The Vrije Universiteit Brussel offers courses in a large variety of modern disciplines: law, economics, social sciences, management, psychology, physical sciences, life sciences, medical sciences, pharmaceutical sciences, humanities, engineering, physical education. About 12,000 students follow one of its 128 educational programmes. All programmes are taught in Dutch, but 59 are also taught in English. In agreement with the Bologna process, the university has implemented the so-called bachelor-master system. It therefore issues four types of degrees: bachelor's, master's, master after master's, and doctoral degrees.

Admission to the programmes is generally not restricted; anyone can subscribe to the programme of his/her choice. However, prerequisite degrees may be mandatory for advanced programmes, e.g., a bachelor's degree is required to subscribe to a master's programme, and a master's degree is required to subscribe to a master after master's or doctoral programme. An exception to this is the admission exam to the bachelor in medicine, which is required following ruling of the Flemish government.
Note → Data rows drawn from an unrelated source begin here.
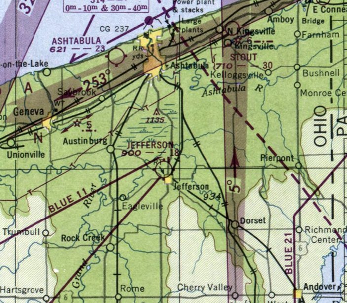 The last aeronautical chart depiction which has been located of Ashtabula-Conneaut Airport was on the May 1981 Cleveland Sectional Chart.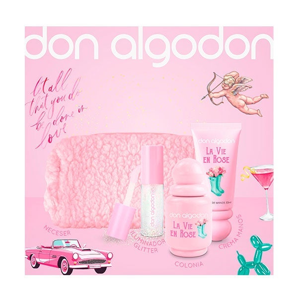 Descubre la esencia de la feminidad con el Set de Regalo La Vie en Rose de Don Algodón. Incluye la fragancia La Vie en Rose de 30 ml, un iluminador, una crema de manos aromatizada y un adorable neceser efecto borreguito. Ideal para mujeres con un estilo romántico y distinguido.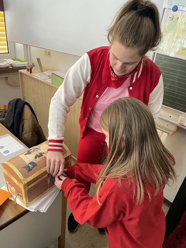 Nach einem Kennenlernspiel lud die erste Station die Kinder der 4b dazu ein, Masken zu basteln. Begleitet von motivierenden Faschingshits entstanden kreative Ergebnisse, über welche sich die Kinder sehr freuten. An einer weiteren Station durften sich die Schüler in einem Kooperationsspiel beweisen und in der 3. Station konnten sie ihre kognitiven Fähigkeiten beim Lösen von Rätseln unter Beweis stellen. Natürlich durfte auch die Bewegung nicht fehlen und somit schlängelten sich die Kids durch eine Bewegungsstation. Zum Schluss mussten die vier Gruppen Textaufgaben lösen, um die richtige Zahl für das Zahlenschloss an unserer Schatzkiste zu bekommen. Als den Kindern das gelungen ist, freuten sich alle über den Schatz, der in der Kiste versteckt war. Außerdem holten sich die Studierenden der FakS 3a am Ende des Tages Feedback der Schulkinder ein, da im Anschluss an die Durchführung im Klassenverband mit der Lehrkraft Frau Habermeier herausgearbeitet wurde, was gut gelaufen ist und wo in Zukunft Entwicklungspotential besteht. So wurde im Rahmen der Projektdurchführung Erfahrung in der Bildungsarbeit mit unbekannten Teilnehmern gesammelt und die Schülerinnen und Schüler hatten durchgehend sehr viel Spaß bei den Stationen.

Tuition fees are low, and even decreased or eliminated for some students with less financial means.

The academic year is divided into two semesters, each spanning thirteen course weeks: the first semester lasts from October to January, the second semester from February to June. Students take exams in January and June. Apart from the Christmas and Easter holidays (both lasting two weeks) that are normally used to prepare for the exams, students are free the week between both semesters and during the summer vacations from July to September.

The university has implemented several quality control schemes in order to preserve the high quality of its educational programmes. Each semester, all students evaluate the courses they have followed. All programmes are also regularly assessed by internal panels and by external international visitation committees. Furthermore, all programmes are accredited by the Nederlands-Vlaamse Accreditatie Organisatie, an independent accreditation organisation charged with the accreditation of higher education programmes in both Flanders and the Netherlands.

Research 
Notable faculty:
 Diederik Aerts
 Kris Deschouwer
 Paul Devroey
 Mark Elchardus
 Francis Heylighen
 Jonathan Holslag
 Dave Sinardet
 Hugo Soly
 Luc Steels
 Jean-Paul Van Bendegem
 Willy van Ryckeghem
 Andre Van Steirteghem
 Irina Veretennicoff
 Els Witte
 Lode Wyns

Basic principles 
The Vrije Universiteit Brussel considers itself an open-minded and tolerant university. Its central principles are the Universal Declaration of Human Rights and in particular the principle of free inquiry for the progress of humanity. The latter includes the dismissal of any argument of authority and the right of free opinion. The Vrije Universiteit Brussel is the only Flemish university that has incorporated such principle in its statutes. The principle of free inquiry is often described by a quotation of the French mathematician and philosopher Henri Poincaré:

This principle is also reflected in the university's motto Scientia vincere tenebras, or Conquering darkness by science, and in its seal. The seal of the Vrije Universiteit Brussel displays a beggar's wallet and joined hands on the orange-white-blue (the colours of the Prince of Orange) escutcheon in the emblem, referring to the struggle of the Protestant Geuzen and the Prince of Orange against the oppressive Spanish rule and the Inquisition in the sixteenth century.

Another basic principle of the Vrije Universiteit Brussel – also incorporated in the university's statutes – is that the institution must be managed according to the model of democracy. Practically, this means that all members of the academic community — faculty staff, researchers, personnel, and students – are represented in all governing bodies. In this way, the university ensures that everyone has a voice in its decision-making processes and participates in its management. This principle must also guarantee the independence of the university and the academic freedom.

Campus and facilities 

Brussels Humanities, Sciences & Engineering Campus
Most of the faculties are located on the Etterbeek campus (which is actually located on the territory of the neighbouring borough of Elsene). It is the livelier of the two campuses and consists almost entirely of concrete structures, most built in the 1970s. Some are decaying rapidly but at least one, the Rectoraat designed by Renaat Braem, is heritage-listed.  Activities take place in numerous auditoriums and labs. In addition, there is a modern sports centre, a football pitch encircled by a running track, and a swimming pool. For eating out, there is a restaurant with subsidies for students and staff, and the bars/cafes 't Complex, Opinio, and KultuurKaffee. The  was a full-fledged concert venue during the evening/night, offering the university a cultural scene and organising free concerts and events. It was demolished to make space for the new XY construction project in 2015.

Brussels Health Campus
The campus in Jette is also a fully-fledged campus. The University Hospital () is in the vicinity. All courses and research in the life sciences (medicine, pharmacy, dentistry, the biomedical and paramedical sciences) are located here.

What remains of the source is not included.